Sub-themes are amazing - they avoid a trap that you can fall into when designing screens where you decide you want a different look for an area, so you go off and change all the color values. But then later on you want to share that area somewhere else, or perhaps you just change your mind and want to revert the feel. In those two cases you'd either be stuck refactoring the whole area to accept two or more sets of ternaries on every color value, or you'd have to manually go through and change all the values by hand.

Instead with a sub-theme, you can throw <Theme name="subtle"> around the entire area without having to change any of the code inside of it at all.

Where it gets interesting is in a final feature of sub-themes: component themes, which are really just sub-themes in disguise.
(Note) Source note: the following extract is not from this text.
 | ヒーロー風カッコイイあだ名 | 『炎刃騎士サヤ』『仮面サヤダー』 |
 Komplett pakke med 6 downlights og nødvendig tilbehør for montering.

Taking our example above, we can add a name to our styled call:

import { View, styled } from '@tamagui/core'
const Square = styled(View, {
name: 'Square',
backgroundColor: '$background',
width: 100,
height: 100,
})

And just like that, if we define a _Square sub-theme, any usage of <Square /> will pick it up:

// in your tamagui.config.ts:
const dark_Square = {
background: 'darkblue',
}
createThemes({
dark,
dark_Square,
})
// in your app:
export default () => (
<>
<Theme name="dark">
<Square />
{/*
Because Square has a name of Square it looks for a sub-theme with _Square.
It will find dark_Square and change the theme.
So in this case the Square backgroundColor will be 'darkblue'.
*/}
</Theme>
</>
)

This is how Tamagui "solves" themes. It gives you incredible power to re-skin the entire interface without having to touch any code. It's not mandatory - you can always just go in and change the color values inline as you please. But it does mean that we (and your team) can ship components and screens that can be completely re-skinned at any point in the tree.
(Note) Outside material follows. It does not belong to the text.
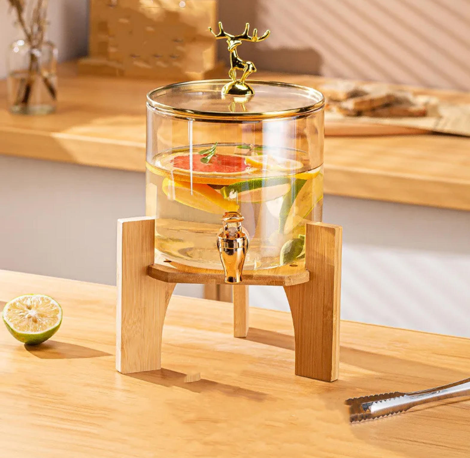 Serve your drinks with sophistication using this 5.5L Glass Beverage Dispenser. Designed with a clear glass body, it lets you beautifully display fruit-infused water, cocktails, or juices, while the sturdy wooden stand elevates it for easy dispensing. The dispenser is topped with a golden deer accent lid, adding a touch of charm and luxury to your serving experience. Ideal for parties, events, or daily home use, this dispenser combines functionality with elegance, making it a stunning centerpiece for any table.

Think of it as a super-power. If you don't use it, there's no downside. But if you do, you gain a pretty powerful new ability.

createThemeBuilder

Now that we have all the required context to understand palettes and templates, we can get familiar with the createThemeBuilder API.

Let's get back to our minimal example:

import { createThemeBuilder } from '@tamagui/theme-builder'
const themesBuilder = createThemeBuilder()
.addPalettes({
dark: ['#000', '#111', '#222', '#999', '#ccc', '#eee', '#fff'],
light: ['#fff', '#eee', '#ccc', '#999', '#222', '#111', '#000'],
})
.addTemplates({
base: {
background: 0,
color: -0,
},
subtle: {
background: 1,
color: -1,
}
})
.addThemes({
light: {
template: 'base',
palette: 'light',
},
dark: {
template: 'base',
palette: 'dark',
},
})
.addChildThemes({
subtle: {
template: 'subtle',
},
})
export const themes = themesBuilder.build()
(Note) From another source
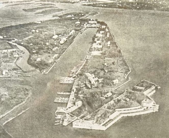 L’idroscalo delle Vignole e il forte di Sant’Andrea nel dopoguerra. In primo piano si riconoscono alcune VAS (vedette antisommergibili) e DV (Dragamine veloci). Coll. dell’autore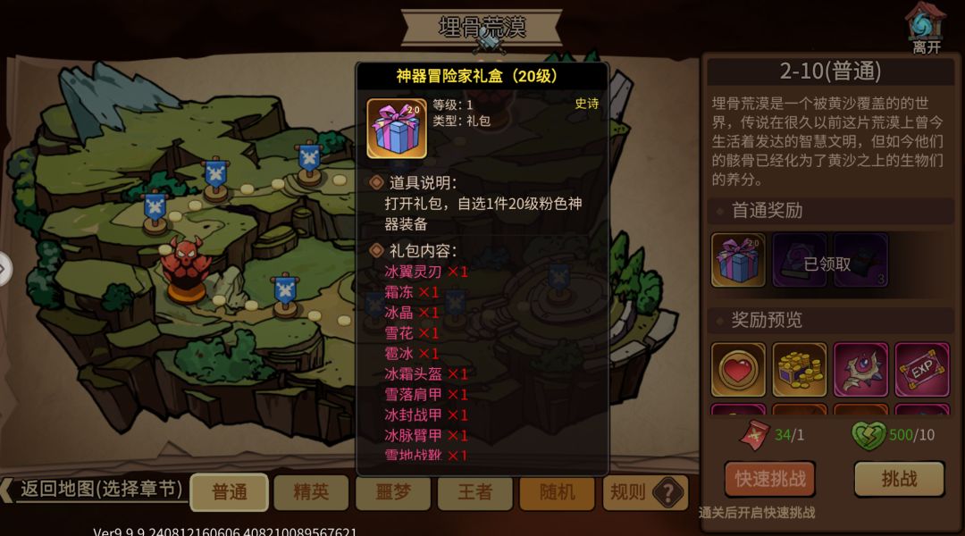 通关冒险副本绿意平原所有章节,都可以获得开荒橙装自选礼包,前期快速全身橙装度过新手期,另外第二章节还能领取20级自选粉装,前期输出不用愁,强化+10一刀流!

This is the full API, minus some optional extra props that each function takes. Calling themesBuilder.build() will generate the following:

{
light: {
background: '#fff',
color: '#000',
},
dark: {
background: '#000',
color: '#fff',
},
light_subtle: {
background: '#eee',
color: '#111',
},
dark_subtle: {
background: '#111',
color: '#eee',
},
}

Complete Example

To get a better idea of a complete theme suite, check out the source for the @tamagui/themes package . This is the code that produces the themes for this site. It handles a variety of more complex use cases:

  • Adding multiple levels of themes, like light_orange, light_subtle, and light_orange_subtle.
  • Adding component themes like light_Button, light_orange_Button, and light_orange_subtle_Button.
  • Making the base (light and dark) themes have extra properties that are a superset of their children.
  • Creating and uses custom masks using combineMasks and createMask.
  • Diverging templates between light and dark by using the optional array syntax.
  • Passing options to some masks to "skip" changing certain values in the templates.
  • Using avoidNestingWithin to prevent combinations of sub-themes.